Department of Computer Engineering, College of Computer Science and Engineering, Taibah University, Al-Madinah 42353, Saudi Arabia.
Department of Computer Science, College of Arts and Science, Prince Sattam Bin Abdulaziz University, Al-Kharj 16278, Saudi Arabia.
Sensors (Basel). 2023 Mar 20;23(6):3254. doi: 10.3390/s23063254.

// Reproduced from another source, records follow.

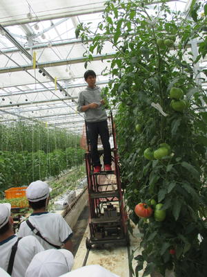 ビニールハウスの中を見せていただき、トマトの育て方についてお話を聞きました。家庭や学校でトマトを育てた時とは異なる栽培方法に、子どもたちは興味津々でした。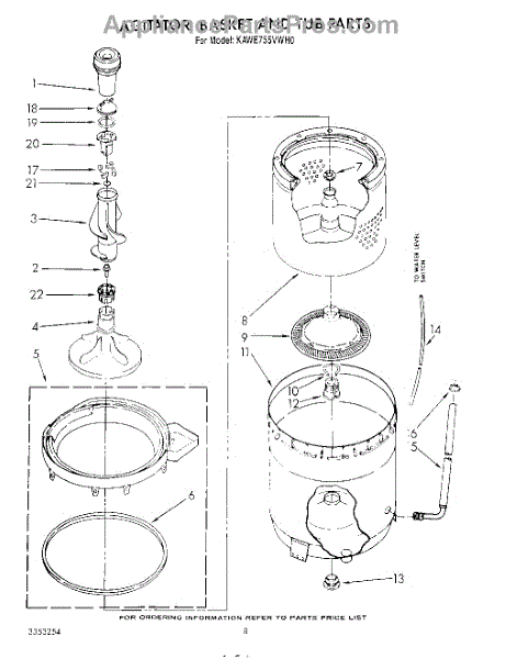Parts for Kitchenaid KAWE755VAL0: 05 - Agitator, Basket And Tub Parts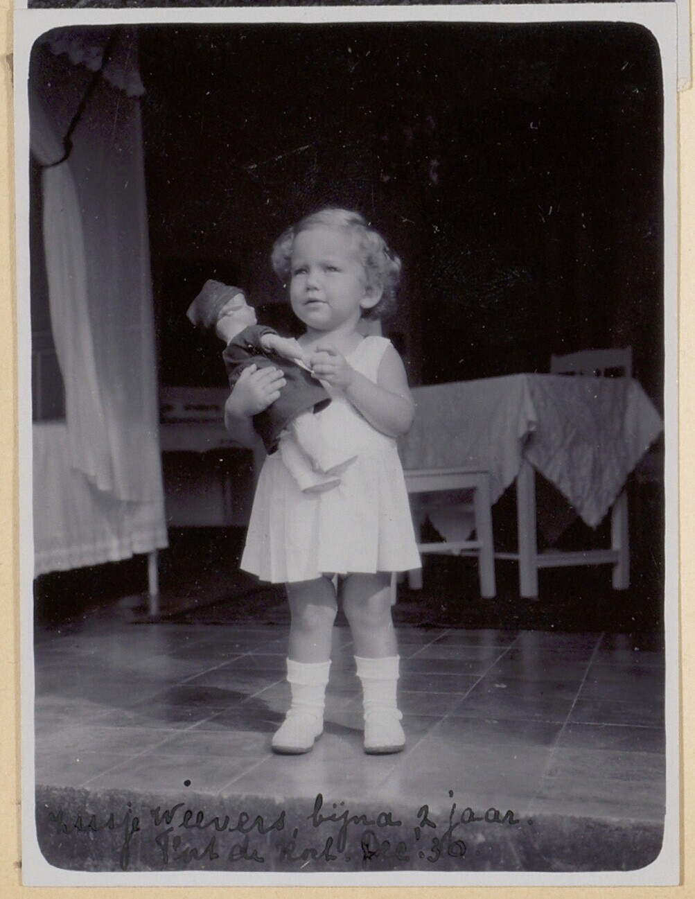 Europees kindje 'zusje Wevers' met pop in kamer. Dec...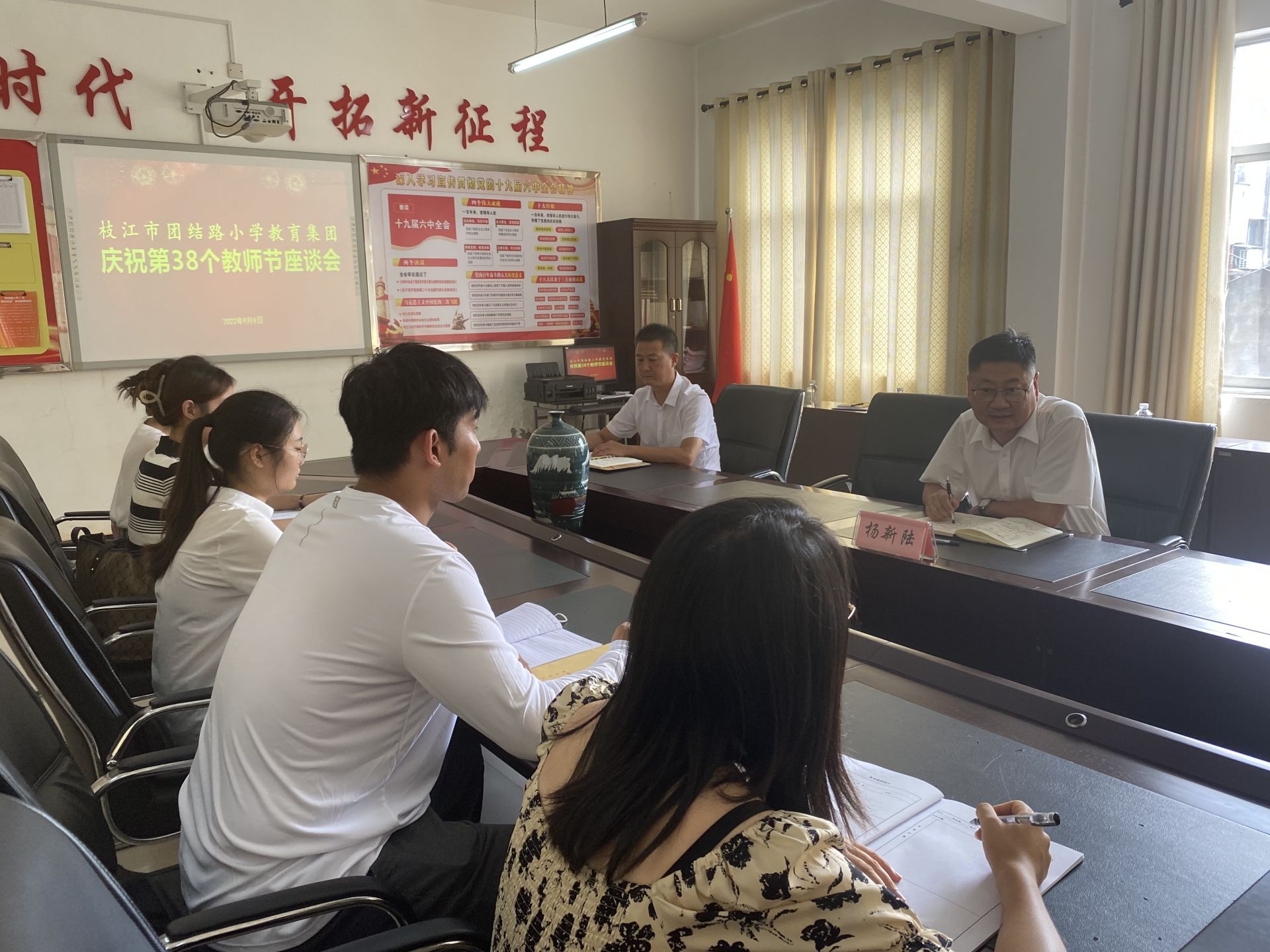 作为一校之长,杨新陆始终坚持教育为本,躬耕沃土育新苗。他勤学善思、严格自律,学科教研、日常考勤、光盘行动、垃圾分类、志愿服务……总是以身作则。

Nowadays, Unmanned Aerial Vehicle (UAV) devices and their services and applications are gaining popularity and attracting considerable attention in different fields of our daily life. Nevertheless, most of these applications and services require more powerful computational resources and energy, and their limited battery capacity and processing power make it difficult to run them on a single device. Edge-Cloud Computing (ECC) is emerging as a new paradigm to cope with the challenges of these applications, which moves computing resources to the edge of the network and remote cloud, thereby alleviating the overhead through task offloading. Even though ECC offers substantial benefits for these devices, the limited bandwidth condition in the case of simultaneous offloading via the same channel with increasing data transmission of these applications has not been adequately addressed. Moreover, protecting the data through transmission remains a significant concern that still needs to be addressed. Therefore, in this paper, to bypass the limited bandwidth and address the potential security threats challenge, a new compression, security, and energy-aware task offloading framework is proposed for the ECC system environment. Specifically, we first introduce an efficient layer of compression to smartly reduce the transmission data over the channel. In addition, to address the security issue, a new layer of security based on an Advanced Encryption Standard (AES) cryptographic technique is presented to protect offloaded and sensitive data from different vulnerabilities. Subsequently, task offloading, data compression, and security are jointly formulated as a mixed integer problem whose objective is to reduce the overall energy of the system under latency constraints. Finally, simulation results reveal that our model is scalable and can cause a significant reduction in energy consumption (i.e., 19%, 18%, 21%, 14.5%, 13.1% and 12%) with respect to other benchmarks (i.e., local, edge, cloud and further benchmark models).
如今,无人机(UAV)设备及其服务和应用在我们日常生活的不同领域越来越受欢迎,引起了广泛关注。然而,这些应用和服务大多数都需要更强大的计算资源和能量,而它们有限的电池容量和处理能力使得在单个设备上运行它们变得困难。边缘云计算(ECC)作为一种新的范例出现,以应对这些应用的挑战,它将计算资源移动到网络和远程云的边缘,从而通过任务卸载来减轻开销。尽管 ECC 为这些设备提供了实质性的好处,但在通过同一通道同时卸载的情况下,随着这些应用的数据传输量的增加,有限的带宽条件尚未得到充分解决。此外,通过传输保护数据仍然是一个需要解决的重大问题。因此,在本文中,为了绕过有限的带宽并解决潜在的安全威胁挑战,我们针对 ECC 系统环境提出了一种新的压缩、安全和节能感知任务卸载框架。具体来说,我们首先引入了一种高效的压缩层,巧妙地减少了通过通道传输的数据。此外,为了解决安全问题,我们提出了一种新的基于高级加密标准(AES)加密技术的安全层,以保护卸载和敏感数据免受不同的漏洞。随后,任务卸载、数据压缩和安全性被联合制定为一个混合整数问题,其目标是在延迟约束下降低系统的总能量。最后,仿真结果表明,我们的模型是可扩展的,可以显著降低能量消耗(即 19%、18%、21%、14.5%、13.1%和 12%),与其他基准(即本地、边缘、云以及进一步的基准模型)相比。